Blutschuld - Auszug

Erscheint auch in der Novemberausgabe der Zeitschrift "Neues aus Anderwelt"

...Nichts hatte geklappt von all den schönen Plänen, die sie gemacht hatten. Zwei Mal war er für Frances zum Mörder geworden, aber das war nichts, wofür Mathieu sich schämte. Er hatte das Gift beschafft, das dem schwachen Herzen des Vaters die letzte Kraft nahm. Gegeben hatte es ihm zwar Frances, aber es war seine Idee gewesen, damit Frances nicht mehr mit diesem Schwachkopf von Steinmetz schöntun musste, der für ihren Vater der Wunschnachfolger war. Und dann dieses dumme Schaf Jules, der Frances angebetet und in ihrem Vater einen Gott gesehen hatte. Nun war auch er nur noch Wurmfutter.

Doch da war noch dieses dämliche Testament.

Frances hatte geglaubt, dass es kein Problem sein würde, es nicht zu haben, schließlich war sie das einzige Kind ihres Vaters gewesen. Das Erbe sollte ihr quasi in den Schoß fallen. Doch weil sie noch nicht volljährig war, hatte ein Amtsrichter, den man als ihren Vormund bestellt hatte, untersagt, den Besitz zu verkaufen. Ohne ein Testament mit entsprechendem Text konnte man daran auch nichts ändern. Ein Testament zu fälschen, wagten sie jedoch nicht. Irgendetwas machte die Menschen um Frances misstrauisch genug, um jedes plötzlich auftauchende Testament anzuzweifeln, wenn es zu sehr zu Gunsten der Tochter sprach.

Mathieu hieb mit der Faust gegen die Hauswand. „Jules, du verdammtes Schwein. In der Hölle sollst du schmoren.“

Der Regen wurde immer stärker und Blitze zuckten über den Nachthimmel. Mathieu beschleunigte seine Schritte, doch er hatte kein Ziel vor Augen und fand sich plötzlich auf dem Platz vor dem Dom wieder. Ein neuerlicher Blitz erhellte das Gebäude nahezu taghell und Mathieu legte seinen Kopf in den Nacken. Im letzten Aufflammen der fein verästelten Energieentladung konnte er das Monster sehen, das Jules geschaffen hatte. „Ich verfluche dich, Jules Maginot!“, brüllte Mathieu in den Donner, der dem Blitz folgte.

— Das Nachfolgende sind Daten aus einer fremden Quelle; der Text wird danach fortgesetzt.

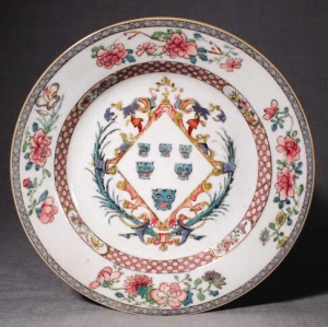 纹章瓷是外销瓷中的一个特殊种类,始于16世纪,于18世纪达到顶峰,因器物表面直接绘有家族徽章图案而得名,是由中国工匠按照欧美订购商所提供的品种、造型、纹饰图案进行彩绘烧制而成,属于“来样加工”的定制瓷器。与普通的贸易外销瓷不同,纹章瓷是为具有特殊身份的皇室成员、政府官员、豪绅贵族、特殊协会或公司所定制的,制作上最为精美,在当时欧美属于顶级奢侈品,堪称外销瓷中的“官窑”。

Ein weiterer Blitz erhellte den Himmel und Mathieu stockte der Atem. Sein Blick war noch immer auf den Domgiebel gerichtet, doch er konnte den Gargoyle nicht mehr entdecken. Er riss die Augen auf und wartete angespannt auf neues Licht. Als es dann kam, schüttelte er verblüfft und angstvoll den Kopf.

Der Gargoyle war verschwunden. Der Giebel war leer.

„Welches Recht hast ausgerechnet du, einen Rechtschaffenen zu verfluchen“, erscholl eine tiefe, heisere Stimme hinter ihm wie ein Nebelhorn.

Langsam drehte sich Mathieu um, doch er konnte nur Schwärze sehen. Kein Licht erhellte den großen Platz und der Regen schluckte alles.

Wieder zuckte ein Blitz über den Himmel und Mathieu sah sich dem größten Grauen gegenüber, zu dem seine Vorstellungskraft fähig war. Seine Lippen öffneten sich zu einem verzweifelten Schrei, doch der Regen verhinderte, dass er an die Ohren der Lebenden drang.